No relationship with disease status has been observed for rewarded visits in limit-fed calves (Morrison et al., 2021). However, unrewarded visits are dependent on the minimum and maximum meal size, stocking density per nipple, and the amount of milk offered per day.

We suggest that for limit-fed calves, milk intake and drinking speed are the best feeding behaviors to monitor and use for alerts. It also appears that limit-fed calves have more apparent changes in their feeding behavior before diarrhea rather than respiratory disease. More research is needed to determine how much of a decrease in milk intake and drinking speed is indicative of diarrhea or respiratory disease in the days leading up to disease diagnosis in calves.

Biologically normal feeding plans

Calves enrolled on biologically normal feeding plans have multiple changes in their milk intake, drinking speed and unrewarded visits prior to diagnosis of disease. For example, in calves offered unrestricted amounts of milk, milk intake and rewarded visits decreased on the day of diarrhea diagnosis compared to healthy calves (Conboy et al., 2022). Milk intake and grain intake were lower for up to five days before respiratory disease diagnosis compared to healthy calves, plus these calves also decreased their own unrewarded visits at three days before disease diagnosis (Cantor and Costa, 2022).

These findings regarding respiratory disease are consistent among many studies with calves offered higher planes of nutrition (Morrison et al., 2021). There is also early evidence that algorithms which use multiple behaviors together such as milk intake, drinking speed, starter intake and unrewarded visits can accurately label a calf with respiratory disease as early as six days before diagnosis.

We suggest that changes in milk intake and drinking speed occur much earlier for the days before respiratory disease diagnosis in calves enrolled in biologically normal feeding plans compared to diarrhea. However, similar to limit-fed milk strategies, the amount of change in behavior that should be used to detect disease is still unknown. Current ongoing research at University of Guelph is working on developing a feeding behavior alert for the automated feeder to accurately detect sick calves in the days leading up to diarrhea.
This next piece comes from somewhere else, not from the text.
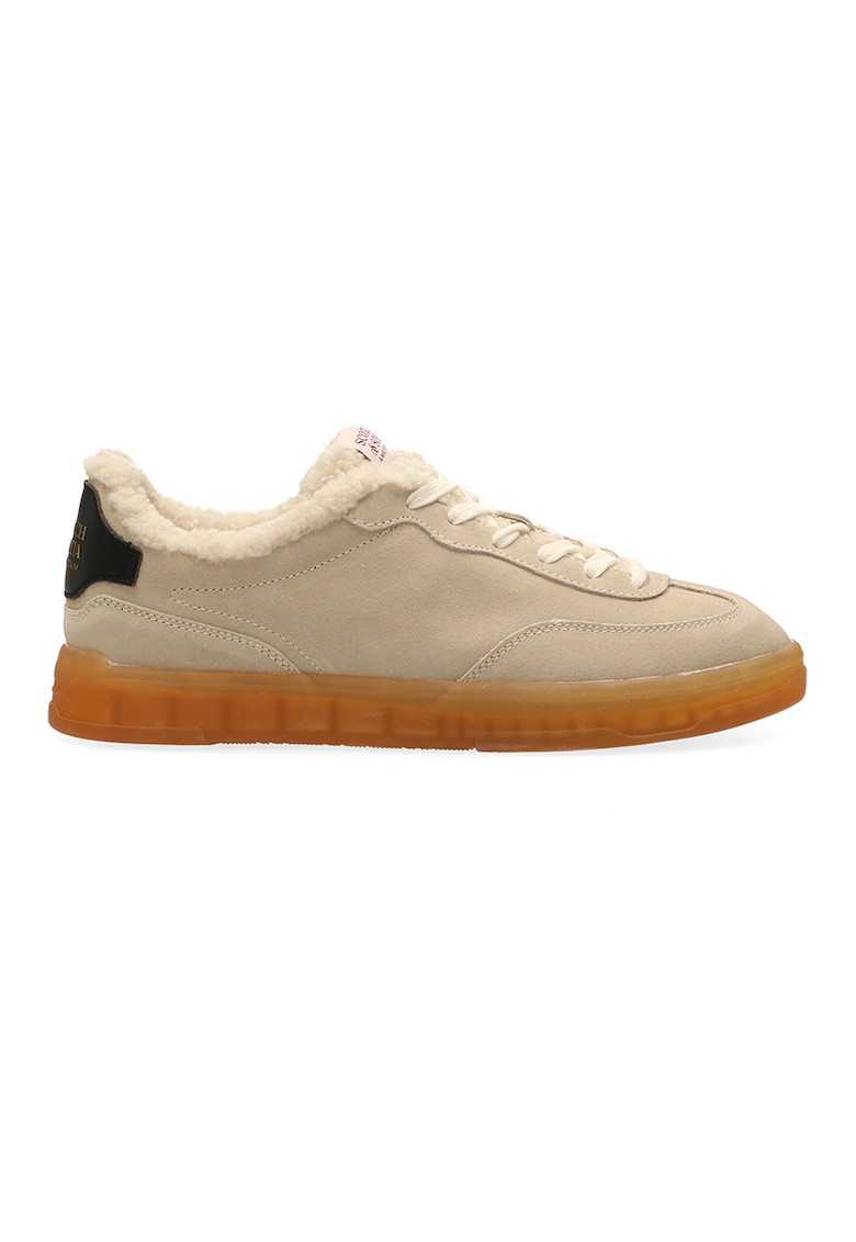 Pantofi sport de piele intoarsa cu garnituri de lana - Maro nisip
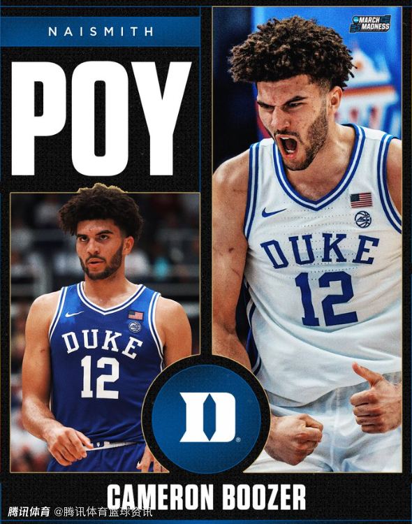 北京时间4月6日,杜克大学球星卡梅隆-布泽尔当选奈史密斯男子大学生年度最佳球员。

There is also early evidence that feeding behavior might help find calves requiring a second antibiotic intervention for respiratory disease. Calves who required a second antibiotic treatment for respiratory disease had reduced milk and starter intake, slower drinking speeds, and less unrewarded visits in the 10 days after treatment when compared to treated calves who recovered within 10 days (Cantor et al., 2022), plus these calves decreased their own drinking speed, and starter intakes as early as three days after treatment for disease. Thus, feed intake and unrewarded visits appear to be useful feeding behaviors to monitor in calves enrolled in biologically normal feeding plans, especially regarding respiratory disease.
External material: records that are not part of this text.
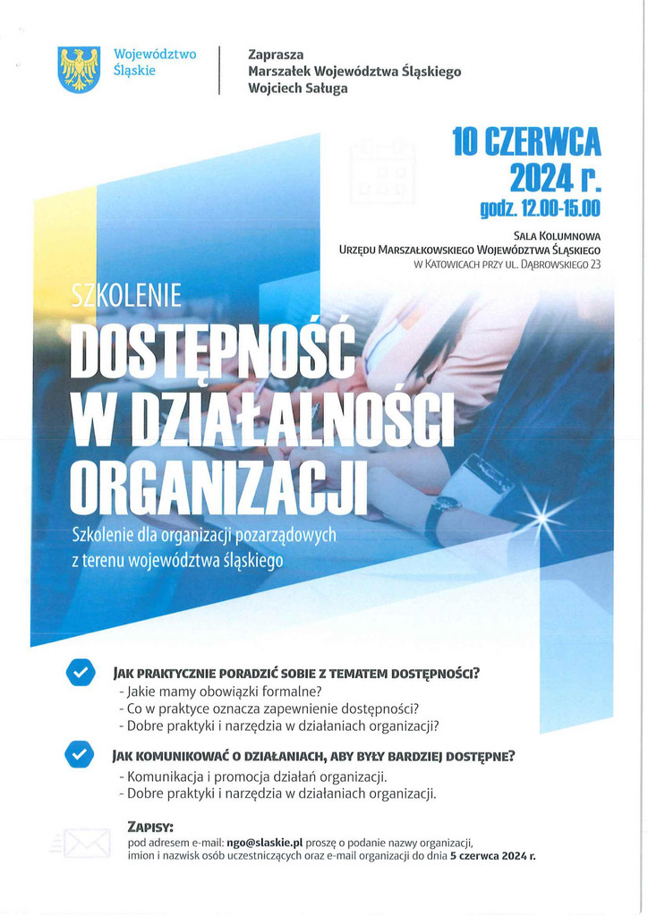 10 czerwca 2024 r. w godzinach od 12.00 - 15.00 w Sali Kolumnowej Urzędu Marszałkowskiego Województwa Śląskiego przy ul. Dąbrowskiego 23 w Katowicach odbędzie się bezpłatne szkolenie "Dostępność w działalności organizacji" dedykowane organizacjom pozarządowym.
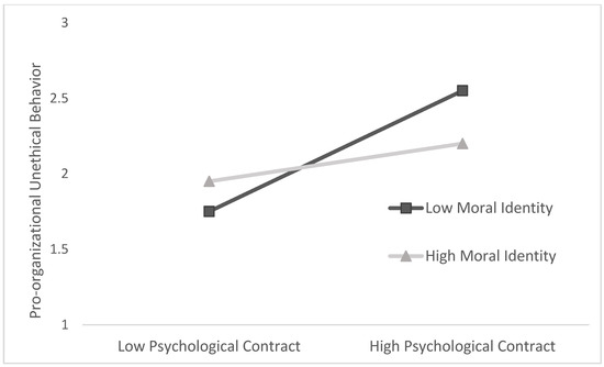Moral identity negatively moderates the relationship between psychological contract fulfillment and unethical pro-organizational behavior.
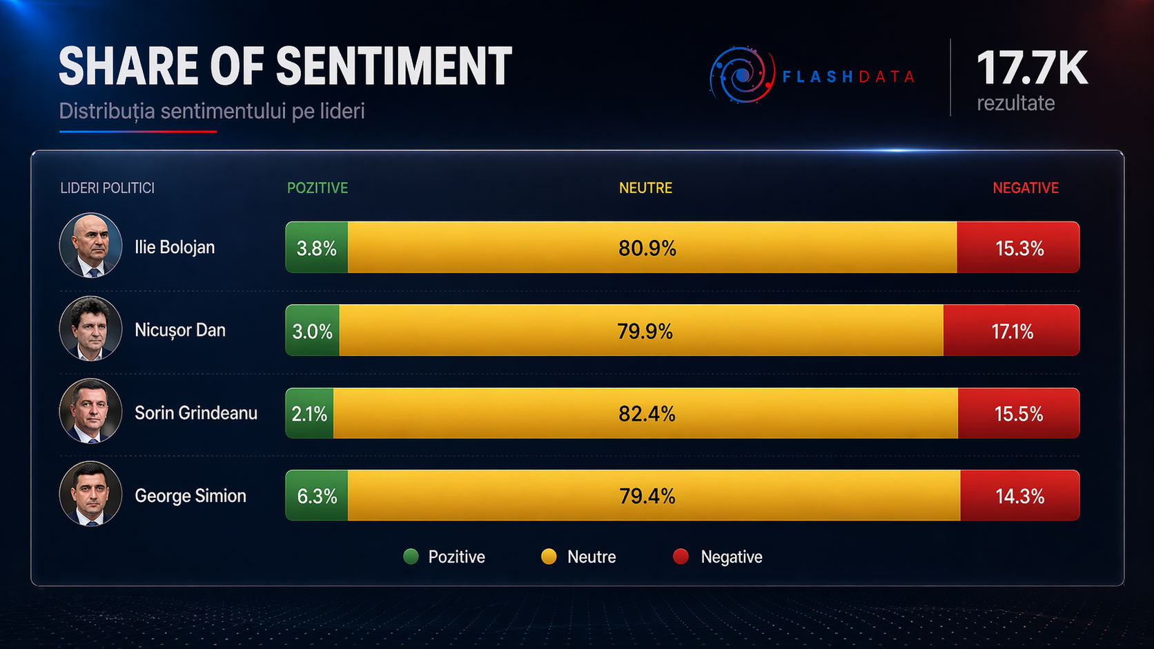Datele FlashData, pe un eșantion de 17,7 mii de rezultate, arată că sentimentul din mediul online este dominat clar de zona neutră în cazul tuturor celor patru lideri politici analizați: Ilie Bolojan, Nicușor Dan, Sorin Grindeanu și George Simion. Cu alte cuvinte, cea mai mare parte a conversației online este una de informare, mențiune sau relatare, nu una explicit favorabilă sau ostilă.

How should we use the autofeeder data?

So, what does this mean for producers today? Which behaviors are useful is dependent on the disease of interest, and how much milk is offered to the calves. The app and automated feeder alerts should be used as a screening tool. We suggest that these alerts cannot replace visually inspecting calves, but that monitoring individual calves for changes in several behaviors collectively may flag a calf who might get sick.
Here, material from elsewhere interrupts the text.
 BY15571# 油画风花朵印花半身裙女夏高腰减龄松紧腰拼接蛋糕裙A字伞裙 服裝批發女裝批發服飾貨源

It appears that milk intake and drinking speed are the most robust behaviors, but if a limited feeding plan is used changes in these behaviors are better indicators of diarrhea than respiratory disease. The opposite is true for biologically normal feeding plans, where calves changed their milk intake and drinking speed several days before respiratory disease. Automated milk feeders are an excellent tool for top-notch producers to monitor calf behavior, but no technology can replace regular health monitoring and calf management.